La solidarietà è la cura per ripartire: in tutta la regione si è creata una fitta rete di volontari, doniamo tempo, risorse, aiuto concreto a ripulire le case, a preparare pasti, raccogliamo fondi per i nostri concittadini alluvionati.

Io sono una cittadina del mondo, ma rimango anche profondamente romagnola: questa affermazione potrebbe sembrare contraddittoria, ma ritengo che tratti del nostro carattere e personalità siano proprio impressi nel DNA di ogni romagnolo.

Sono grata alla mia terra, che mi ha dato le origini, mi ha trasmesso la tempra, la grinta, la dedizione, la tenacia, l’autenticità della gente umile, che non si è mai persa d’animo, che si è sempre rimboccata le maniche e con tanto buon senso prima ha fatto e poi ha pensato.

I miei genitori hanno vissuto due guerre, hanno affrontato la miseria con dignità e sempre a testa alta hanno contribuito a migliorare la qualità di vita di noi figlie, ci hanno dato un’istruzione ed è proprio quella generazione che ha tracciato la via per rendere questa regione produttiva, benestante, conosciuta e aperta al mondo, terra di ospitalità e accoglienza.

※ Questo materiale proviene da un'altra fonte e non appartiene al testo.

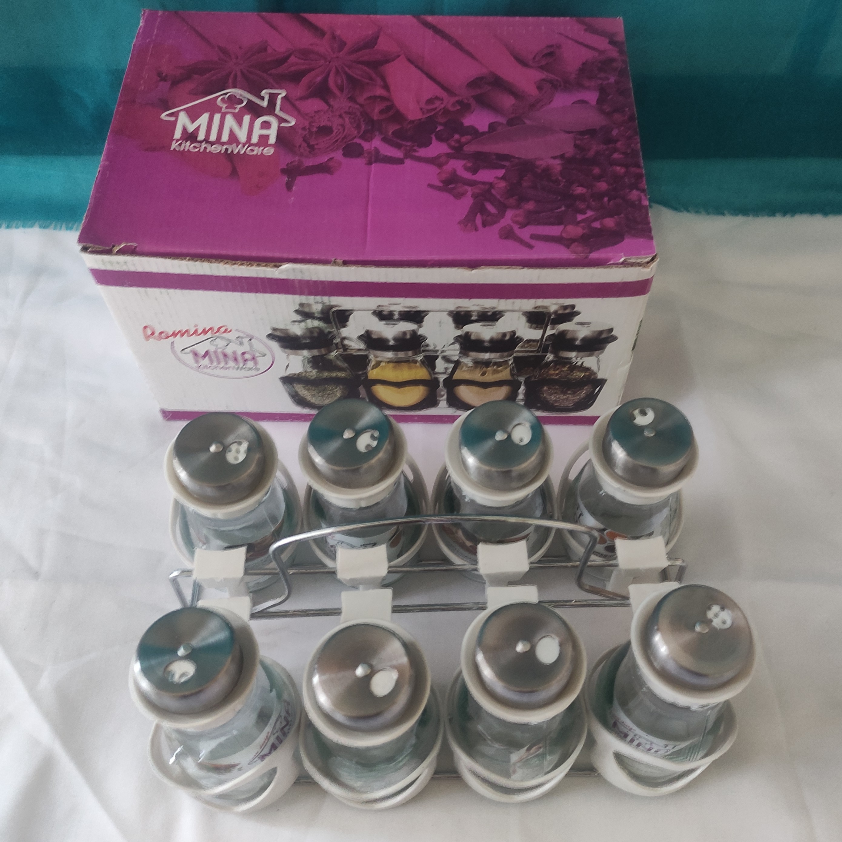 ست جا ادویه 8 پارچه مینا مدل رومینا · جنس بدنه : شیشه · جنس سری : استیل · نحوه بسته شدن : پیچی · امکانات ظاهری : سری قابل تنظیم · قابلیت شستوشو : با دست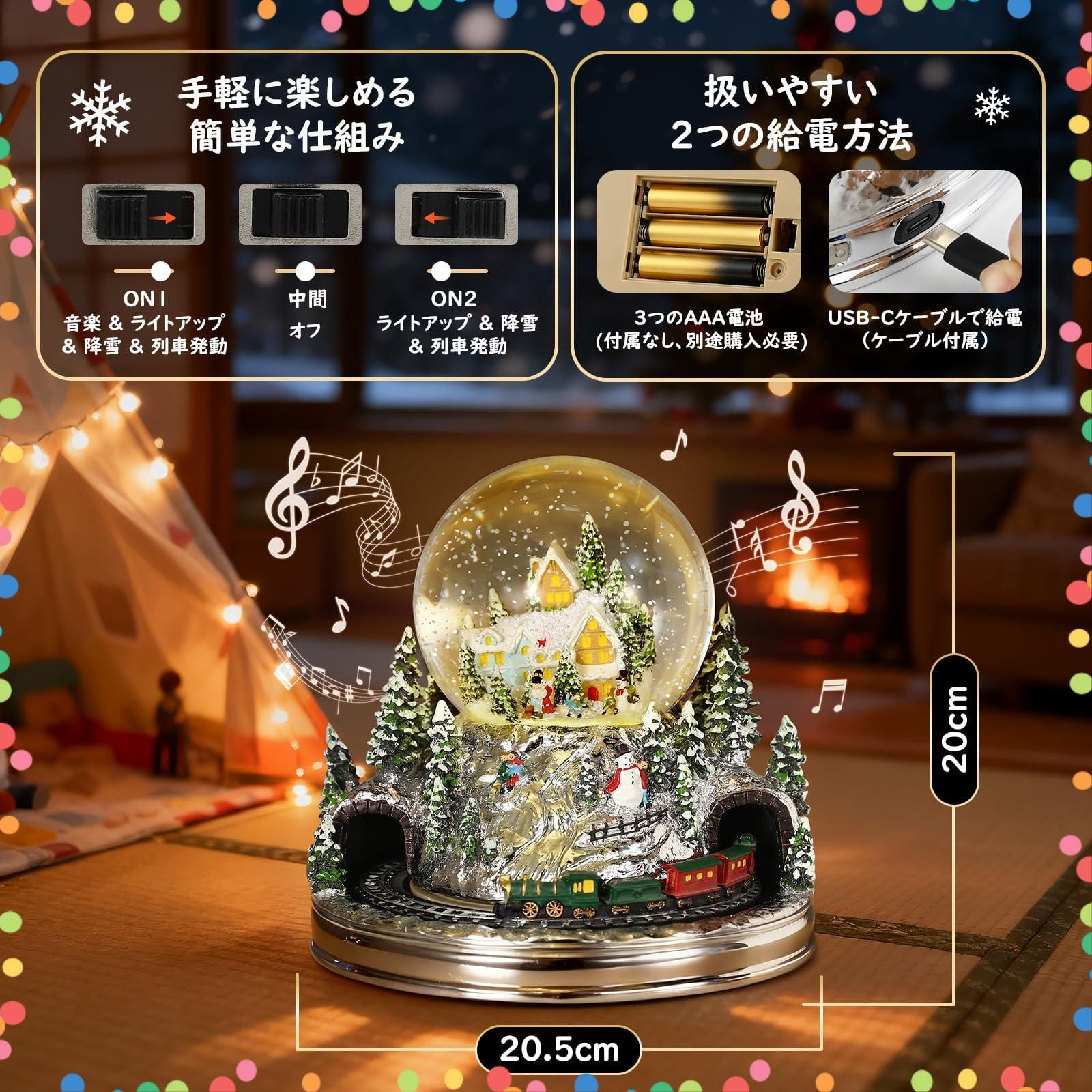 Lewondr スノードーム クリスマススノードーム クリスマスツリースノーグローブ ライト内蔵 USB&電池式 2Way給電 8曲クリスマスソング自動ループ ガラス/樹脂製 クリスマスプレゼント インテリア クリスマス置物飾り 冬の森鉄道

Un bagnino ha scritto sulla sabbia dentro a un cuore” Tin bota Romagna” (Tieni botta, resisti, non mollare), questo è lo stesso incoraggiamento che Ursula von der Leyen, la Presidente della Commissione Europea, ha pronunciato il 25 maggio nel corso della sua visita alla città di Cesena, dopo aver perlustrato con l’elicottero tutta la regione per rendersi conto della totale devastazione.

Un grande abbraccio e un in bocca al lupo a tutta la gente di Romagna, che con la solidarietà, l’impegno di tutti, i finanziamenti stanziati dal Governo e dall’Unione Europea rinascerà a nuova Vita. Speriamo vivamente!

Esattamente come le protagoniste del libro!